Truskawki, truskawki i jeszcze raz truskawki! A co zrobić, gdy już są mocno dojrzałe i wyglądem nie zachęcają do zjedzenia (chociaż oczywiście dalej są przepyszne)? Sięgając pamięcią wstecz - moja mama miksowała je i robiła mi makaron na słodko z truskawkami, twarogiem, śmietaną i cukrem - mmm, smak mojego dzieciństwa.. Ja wczoraj wymyśliłam inny sposób na takie truskawki - mianowicie użyć je do owsianki z lodówki.

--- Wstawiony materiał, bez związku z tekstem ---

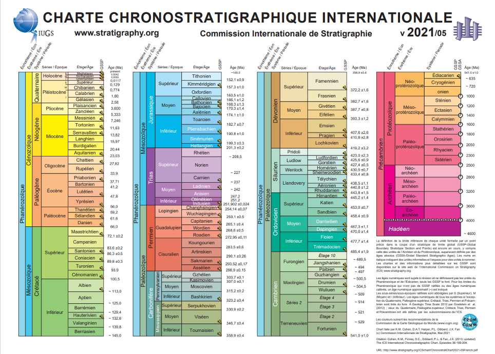 Une charte chrono stratigraphique a été élaborée à partir de la découverte des fossiles.

Tak jak pisałam we wczorajszym poście, w tym tygodniu na śniadania mam mało czasu, stąd też pomysł, który wymyśliłam jak najbardziej pasował do sytuacji. Nieskromnie dodam, że wyszło bardzo smacznie! :)
Składniki:
4 duże truskawki (+do podania)
1/4 szklanki mleka
banan
5 płaskich łyżek płatków owsianych
dodatkowo: figa suszona, mak
Przygotowanie:
- Wieczorem truskawki zmiksowałam z mlekiem. 2/3 banana rozciapciałam widelcem i wymieszałam z musem truskawkowym.
- Następnie dodałam płatkami, zamieszałam i wsadziłam do lodówki.
- Rano dodałam pozostałą część banana, pokrojone truskawki, pokrojoną suszoną figę oraz posypałam makiem.
Na zakończenie wstawiam zdjęcie pysznej kanapki (z najlepszym chlebem- robionym przez moją ukochaną mamę).
Na kanapce znalazła się truskawka i serek homogenizowany naturalny :)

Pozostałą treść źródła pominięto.